Lester me condujo hacia un espejo, me miré y me gusté,-aquellos correajes me sentaban bien, me encontré guapa, se lo comenté a ellos y se mostraron de acuerdo conmigo, estás muy bien, me hubieran dicho lo mismo de haber llevado puesto un saco de patatas pero era agradable oírlo, luego me sujetaron por los brazos y me condujeron a la habitación del fondo, donde tres figuras, sentadas en una especie de diván con adornos de falsa madera dorada, saludaron jubilosamente mi llegada.

El del centro -delgadísimo, bajito, semicalvo, la uña del meñique derecho muy larga, las otras solamente negras, con uno de esos ridículos bigotitos, una línea finísima que no llegaba a cubrir los confines del labio, sobre una paradigmática cara de vicioso- debía de ser el especulador inmobiliario alicantino.

A su diestra, un adolescente de belleza pueblerina, mofletes sonrosados, quince años, dieciséis todo lo más, se acariciaba constantemente la ropa. De uno de los codos de su americana, cachemira de diseño italiano con enormes hombreras, colgaba todavía el enganche de plástico de una etiqueta.

A su siniestra, una jovencita de mejillas macilentas, el brazo izquierdo surcado por un rosario de pequeños puntos sanguinolentos, no había tenido tanta suerte.

Había también un hombre muy alto, inmenso, con pinta de culturista, al que no conocía.

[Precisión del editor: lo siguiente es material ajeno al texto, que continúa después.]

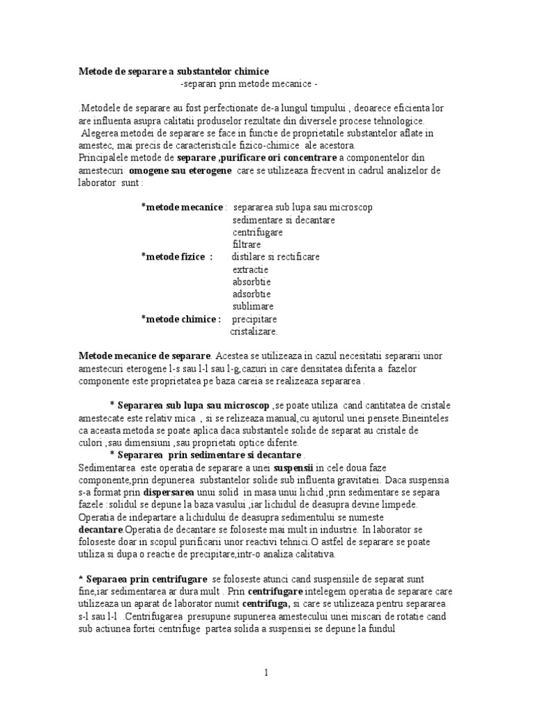 1 Metode De Separare A Amestecului De Substante
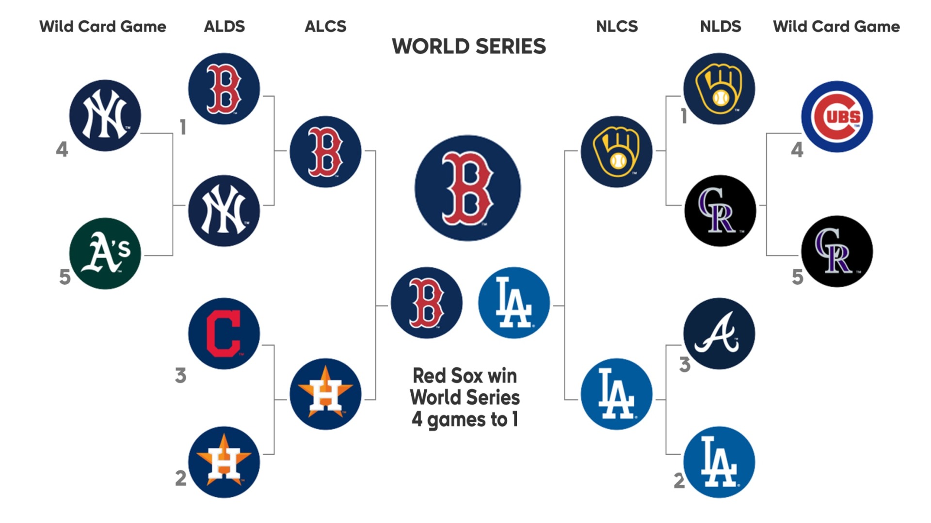 Runkosarjan loputtua kunkin divisioonan voittaja pääsee suoraan jatkoon ja molemmista liigoista kaikkien divisioonien neljänneksi ja viidenneksi parhaat joukkueet pelaavat yhden wild card ottelun toisiaan vastaan ja tämän voittaja etenee jatkoon. Eli yhteensä neljä joukkuetta kummastakin liigasta etenee jatkoon. Wild cardin voittaja pelaa liigan voittajaa vastaan ensimmäisen pudotuspelikierroksen. Ensimmäinen kierros pelataan paras viidestä menetelmällä. AL/NL mestaruustitteli sekä World Series mestaruus ratkaistaan muistakin lajeista tunnetulla paras seitsemästä ottelusarjalla. Alla kuva vuoden 2018 postseason kaaviosta. KUVA MLB.COM
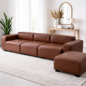 The Induduzo Sofa combines modern design with everyday comfort, creating a versatile centerpiece for any living space. Upholstered in smooth, high-quality leather, it offers a sleek finish while maintaining a warm and inviting feel.
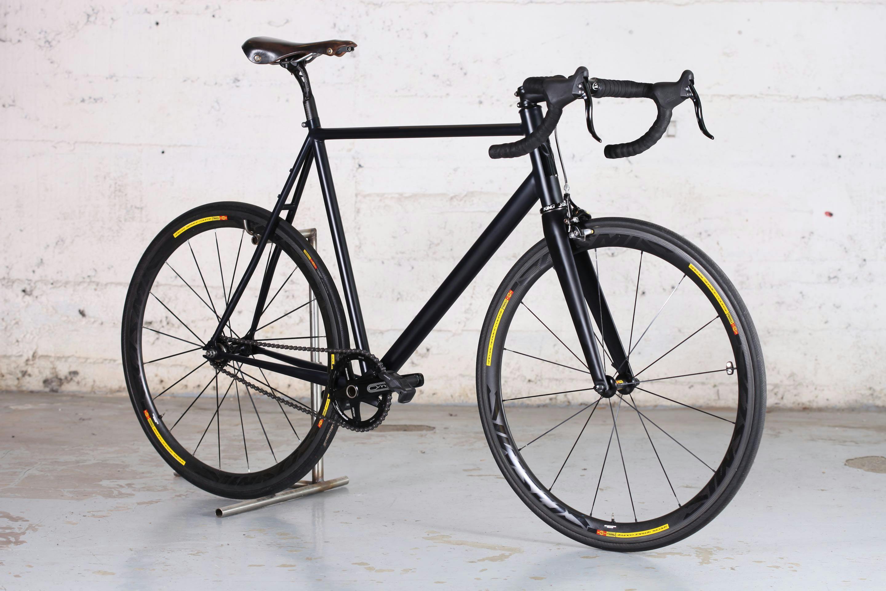 Même si ce vélo est un pignon fixe, la géométrie est beaucoup plus proche d’un vélo de route avec des angles plus couchés et une arrière plus long que sur un vélo de piste pour privilégier le confort plutôt que l’extrême maniabilité, peu utile en ultra-distance.

Y una mujer de unos treinta y cinco años, alta, robusta pero de carnes duras, guapa a pesar del maquillaje de bruja, pestañas postizas, enormes rabillos, labios granates y los pezones perforados por dos anillas plateadas.

Ella fue quien más se alegró de verme.

Me señaló con un dedo, primero. Luego arqueó las cejas, frunció los labios y me dedicó una sonrisa pavorosa.

Alguien me lo había contado, hacía muchos años, y me había parecido un chiste muy malo, solamente duelen las treinta primeras hostias, pero es verdad, la pura verdad, solamente duelen las veinte, las treinta primeras hostias, luego ya todo da lo mismo.

Y sin embargo, al principio me lo pasé bien, muy bien, la verdad es que confiaba en que se tratara de una cuestión de puro fetichismo, cuero, hierros, argollas y punto, a juzgar por sus comentarios iniciales el de Alicante era un individuo muy simple, demasiado simple para que todo aquello fuera mucho más allá. Por eso permanecí tranquila cuando el inmenso desconocido fijó el extremo de la cadena en el aro posterior de mi collar, ensartando uno de los eslabones en un grueso clavo que introdujo previamente a martillazos en la pared.

Pobre Encarna, pensé, te están jodiendo la casa.

Estaba tranquila todavía, y muy excitada por la densa atmósfera que invadía la habitación, el deseo sólido, espeso, que distorsionaba los rostros de algunos de los presentes, sólo dos ojos ávidos, enormes.

El culturista asumió el papel de maestro de ceremonias.